Çünkü İmge böyle biriydi.
Ailecek oturma odasındaydık ve televizyonda oynayan üçüncü sınıf bir korku filmini izliyorduk. En azından izliyormuş gibi yapıyorduk. Korku filmlerini ailede kimse sevmezdi ama hafta sonuysa ve saat geç olmuşsa başka şansımız yok demekti.
Babamın telefonu inatla bir kez daha çaldı. Film başladığından bu yana gelen altıncı çağrıydı. "Kusura bakmayın çocuklar. İsmail randevu düzenlemesini halledememiş, onunla ilgilenmem gerekiyor."
"Sorun yok baba, keyfine bak." İmge hepimizin yerine cevap verdiğinde memnun olmuştum. Çünkü böyle ikili diyalogları pek sağlam biri sayılmazdım.
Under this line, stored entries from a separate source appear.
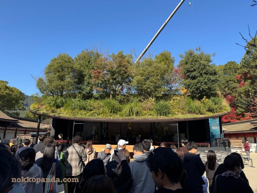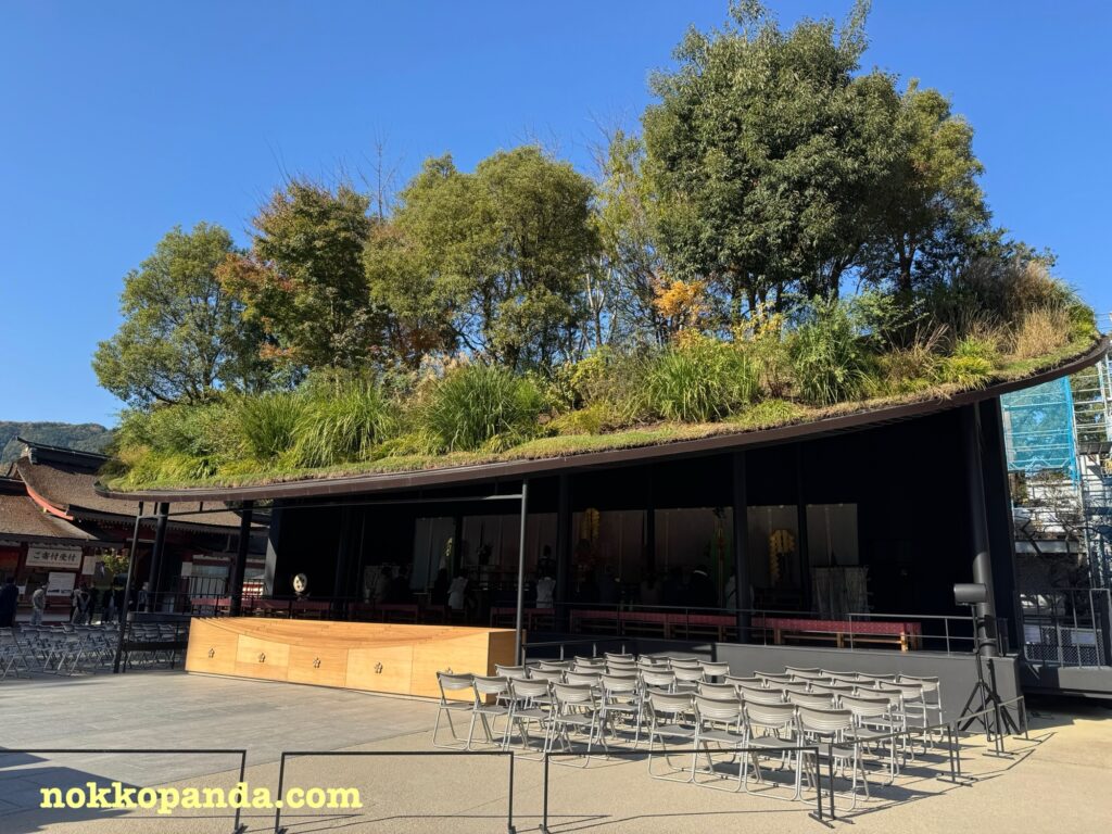 藤本壮介さんという方が設計した仮殿は神社のお社と思えない斬新なデザインで、しかし自然と調和した可愛らしさがあります。
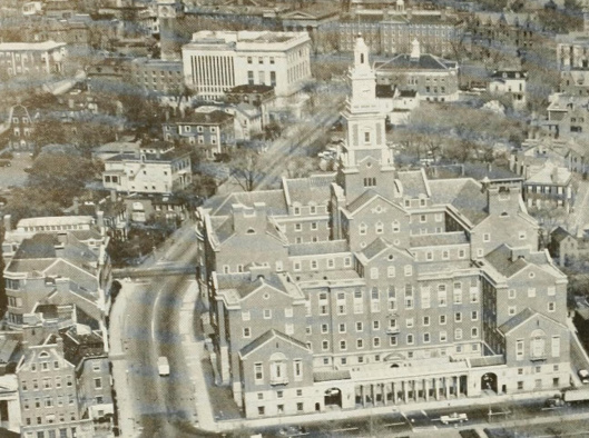 This 1946 view, looking west from a similar spot at the top of College Hill but this time looking through the elm trees, is also indicative. The roof of the John Hay Library is seen on the right of the picture, and the Industrial Trust building can just be seen in the distance on the left.
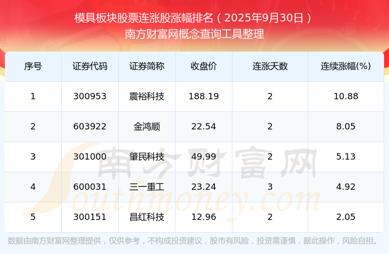 2025年9月30日模具板塊股票連漲股漲幅排名
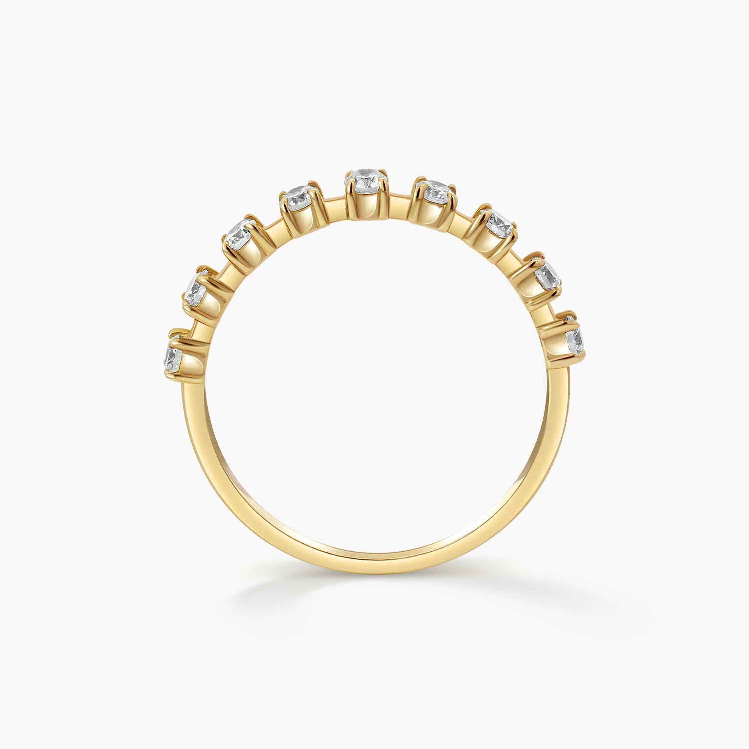 A delicate 18kt yellow gold 1/2 eternity ring set with nine sparkling diamonds, offering subtle shimmer and elegance. Perfect for stacking or wearing solo as a refined, everyday statement.
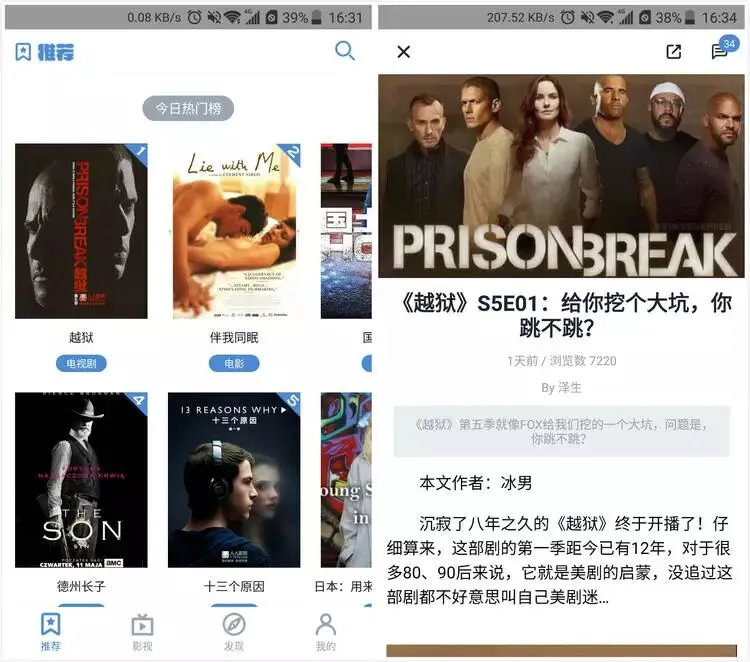 推荐中可以看到每天的热门榜,这几天排在第一的自然是阔别八年回归的《越狱》第五季。还有影视推荐的内容,主要是一些资讯文章,有影评、剧评、新闻等。

Babam bir hışımla telefonu açıp mutfağa doğru ilerlerken İmge ile göz göze geldik ve ikimizde omuz silkmekle yetindik.
Babam diş hekimiydi. Yıllarını bu sektörde geçirmiş ve kendi muayenesini açtıktan sonra işlerin dilediği gibi geçeceğine inanmış bir adamdı. Gel gör ki öyle bir şey olmamış; eskiden çalıştığı hastaneye kıyasla daha çok mesai yapmasına neden olmuştu. Bundan hiçbirimiz şikâyetçi değildik. Onun işini sevdiğini bilirdik.
"Sence babamdan yeni bilgisayar için izni şimdi mi almalıyım?" İlker ne ara dibime kadar gelmişti farkında değildim ama sorusu üzerine abartılı bir şekilde gözlerimi devirdim.
"Bunu öğrenmenin tek bir yolu var." Demekle yetindim. İlker kuşkuyla bana baksa da tatmin olmamış gibi İmge'ye döndü. "Abla sence izni şimdi mi alayım?"
"Sen yoksa hâlâ o bilgisayara sahip olabileceğini mi düşünüyorsun?" Gülüşümü bastıramadan kıkırdadım. İlker öfkeyle bir bana bir de İmge'ye baktı. "Haksızlık." Diye sızlanmakla yetindi.
İmge öne doğru eğilerek İlker'in burnunun ucuna dokundu. "Bunu bizi sahte belgeyle kandırmadan düşünecektin."
Babam bu yıl İlker ile uzun zamandır istediği bilgisayarı almak için anlaşmaya gitmişti. Tek bir şartla tabii. O da yılsonunda takdir belgesi getirmesiyle. İlker hiçbir zaman ne ben ne de İmge kadar çalışkan bir öğrenci olmamıştı. Başta buna şiddetle karşı çıksa da sonrasında pes edip kabul etmiş ve çalışacağına dair saatlerce nutuk çekmişti. Sonuç ise belgeyi alamayınca başvurduğu sahte takdir belgesi olmuştu.

ŞİMDİ OKUDUĞUN
AYNI KIYIDAN BAKALIM [ TAMAMLANDI ]
Teen FictionMutlu olmak için bir erkek arkadaşa ihtiyacım yoktu. Bunu bilerek büyümüş ve ona göre hayatımı şekillendirmiştim. Şimdiyse her şeyin boka batışına anbean şahit oluyordum. Ne mi olmuştu? Eh, bunu öğrenmek için biraz beklemeniz gerekecek. Neticede be...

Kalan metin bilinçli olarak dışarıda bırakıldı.